Cons: Struggle with background noise and non-American accents. Don’t work for SMS or e-mail on iPhone.
Bottom line: Breakthrough applications that will change the way you use your iPhone or BlackBerry. Download immediately.
These products are clearly maturing nicely. However, according to the BBC, they’re going to be blown out of the water before year end by a small British company based in Hereford, who are planning to offer the world’s first ‘fully accurate’ totally voice-controlled phone. The BBC video shows a presenter standing in a rather low-tech looking factory holding a prototype of the Zumba, a small, very plain looking box, with a kind of a flat clip that is looped over the ear, speaking text to the user, and transmitting voice replies to be converted to text by the Zumba server (which the company claims to be 100% secure). “Whatever happens, this is very exciting tech indeed!” comments the dialaphone blog, and even The Register gave it a straightfaced report. Wired, however, is less convinced, put off not only by the “100% accurate, 100% secure” tag, but also by the fact that the company would not let the presenter actually test a prototype for “security reasons”:
Is your snake-oil sense a-tinglin’? It should be. This video further charts the descent of the Beeb from an internationally respected and neutral reporting machine into a populist tabloid of a TV company.
Ouch!
I’ve actually been using MacSpeech (which is based on Nuance’s Dragon NaturallySpeaking engine) to write most of this post. Oddly enough, the only words it’s really struggled with was “nuances” — it refused to give me the option of a capital letter and an apostrophe — and Zumba (for obvious enough reasons). I cut and paste URLs using a mouse, I have to confess, but even so, I’m pretty impressed with the performance of this software. It doesn’t enable me to produce a mountain of prose at breakneck speed. But that’s because I just don’t think that fast — this thing is way faster than my typing speed.

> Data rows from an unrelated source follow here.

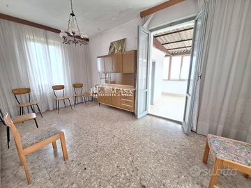 Al piano primo, di 80 mq, si accede tramite scala esterna, composta da disimpegno, cucina abitabile con camino, soggiorno, due camere da letto matrimoniali, un bagno, con finestra, un terrazzo con veranda.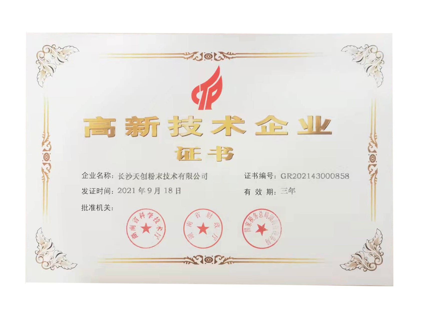 摘要:長沙天創粉末技術有限公司獲得高新技術企業稱號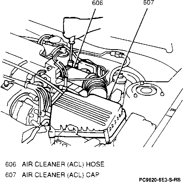 4. Remove ACL cap and hose from engine compartment.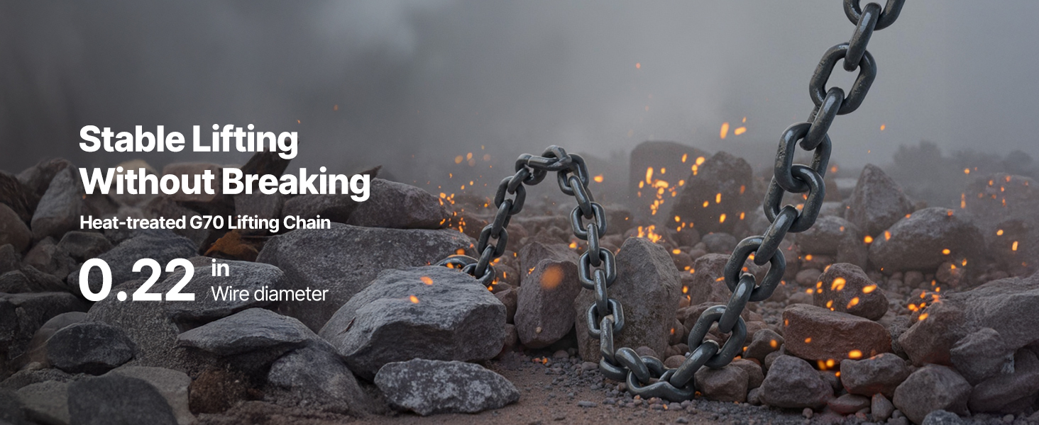 - Struttura in acciaio resistente: realizzata in lega di acciaio, questa catena manuale è progettata per durare. L'involucro rinforzato e la catena trattata termicamente G70 garantiscono una durata superiore, resistenza alla corrosione e alla rottura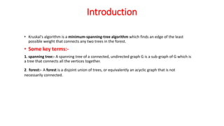 Kruskal's algorithm is a minimum spanning tree algorithm that finds the minimum cost collection of edges that connect all vertices in a connected, undirected graph. It works by sorting the edges by weight and then sequentially adding the shortest edge that does not create a cycle. The algorithm uses a disjoint set data structure to track connected components in the graph. It runs in O(ElogE) time, where E is the number of edges.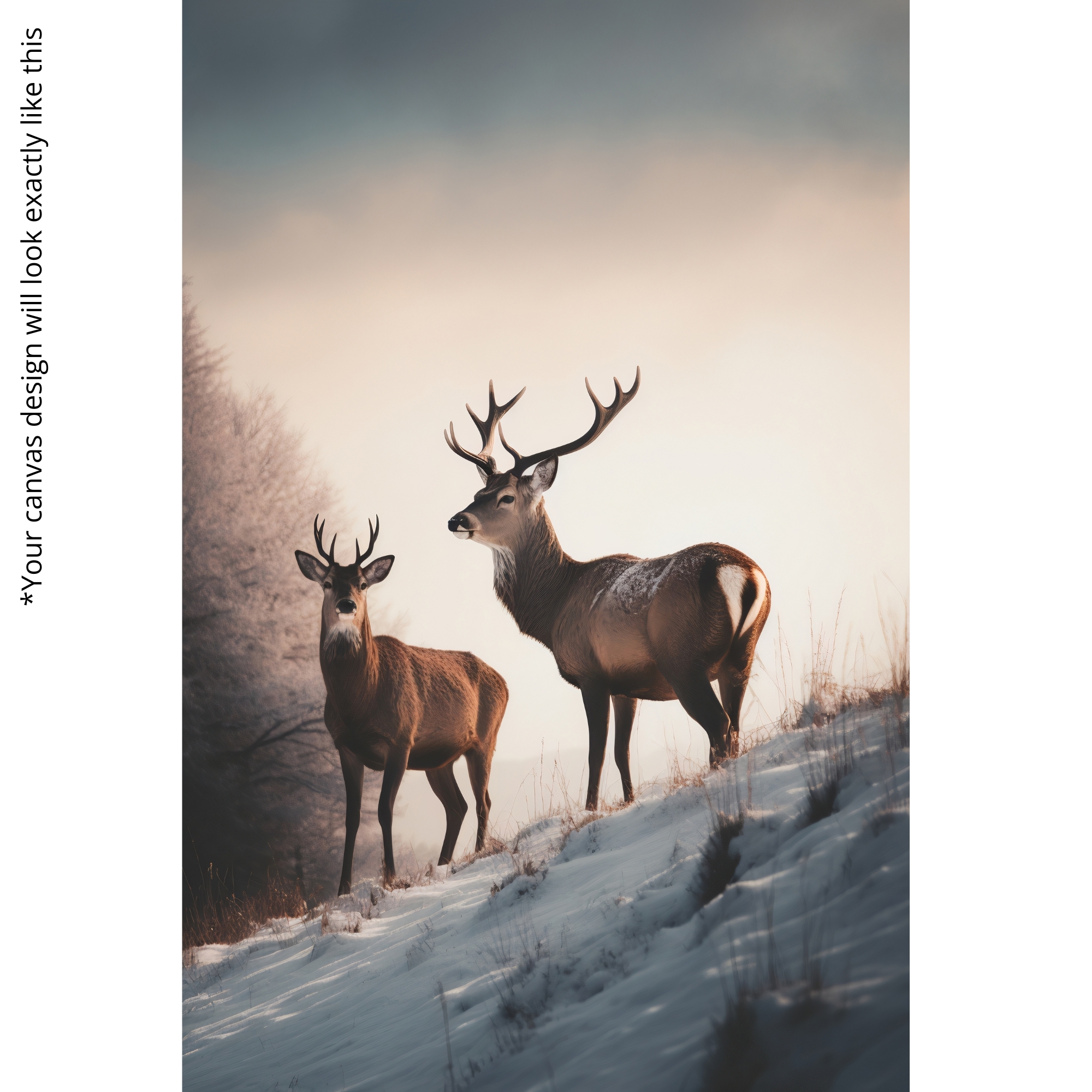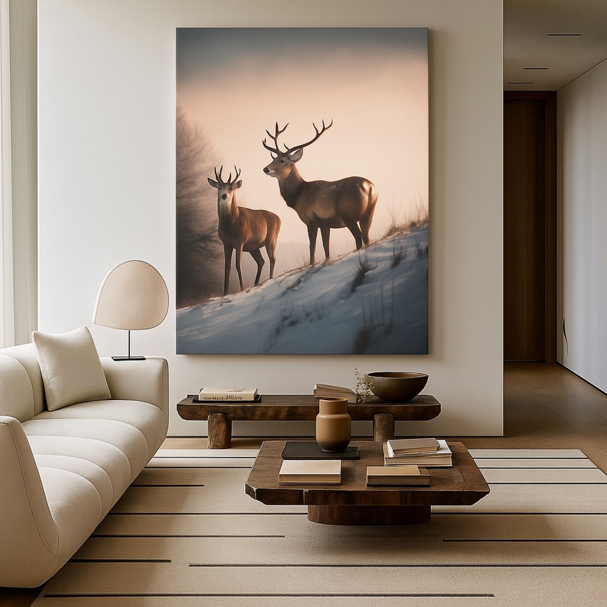 The Winter Companions Canvas Print depicts two deer overlooking a snow-covered hillside as the early morning sun paints the sky in delicate peach hues. Soft winter gradients, gentle shading, and peaceful wildlife composition create an atmosphere of companionship, calm, and seasonal beauty. Perfect for bedrooms, living rooms, Scandinavian spaces, and serene interior themes.
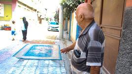 ’nın Gülpınar Mahallesi’nde oturanlar, uzun süredir onarılmayan yolların bozuk olması nedeniyle kalkan tozdan korunmak için sokaklara halı serdi.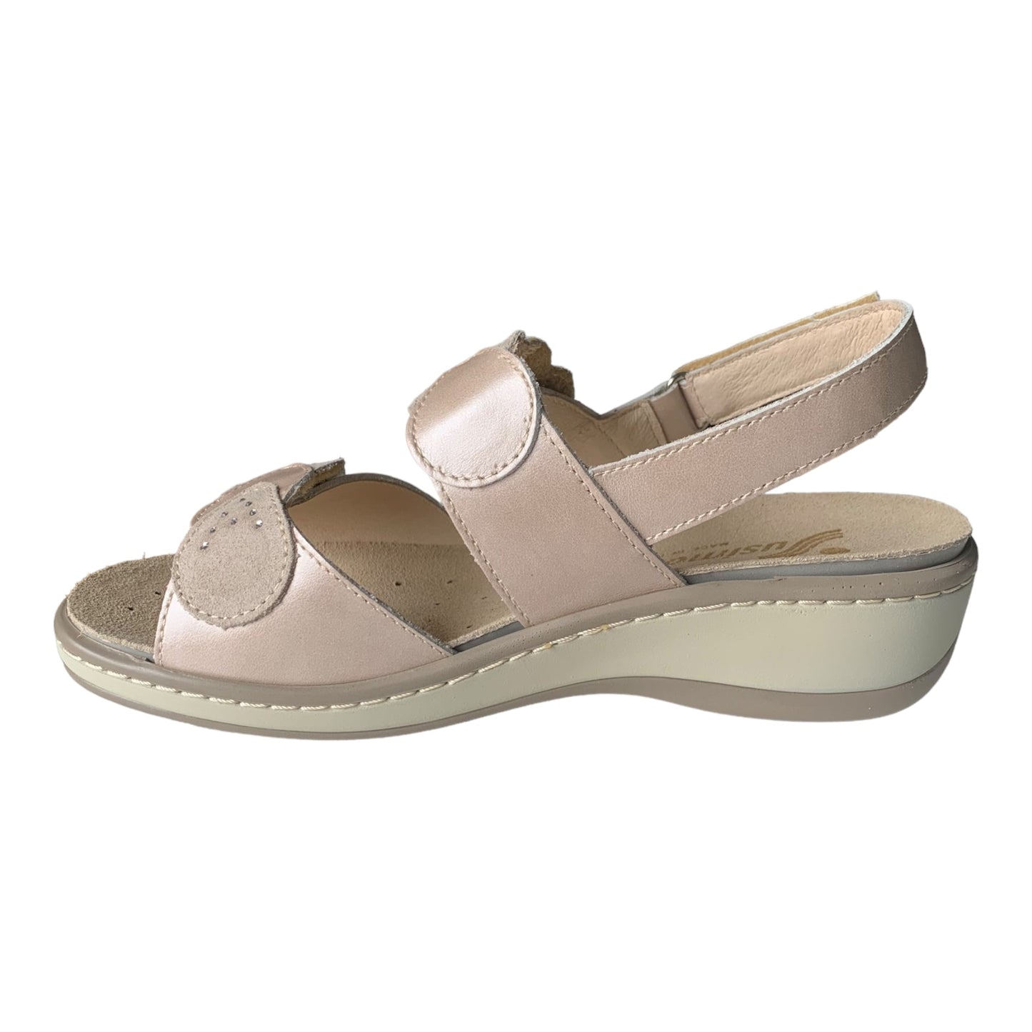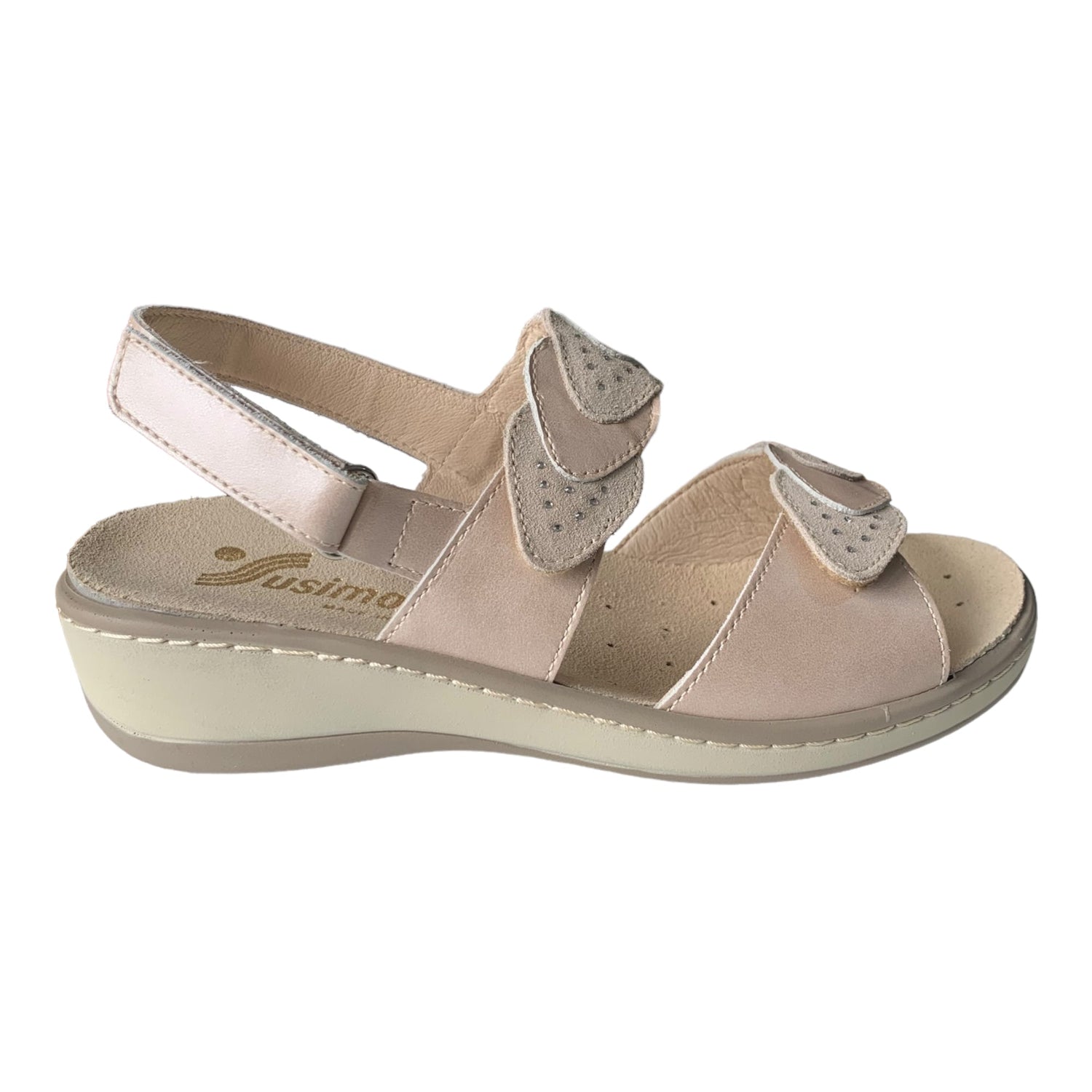 Elegante sandalo in pelle beige con fondo in gomma antiscivolo. Design confortevole con cinturino regolabile in velcro e plantare estraibile. Altezza tacco di 3,5 cm per un look femminile e sicurezza ai massimi livelli.

Given that I had to train MacSpeech for about 15 minutes so that it can recognize my speech patterns, that they recommend processor speed of a least 1GHz and a 1Gb of RAM, and that the support folders also require over 1Gb of hard disk space, you can understand why getting this sort of thing to work on a mobile phone is something of a challenge, and why I tend to agree with Wired’s view of the Zumba phone!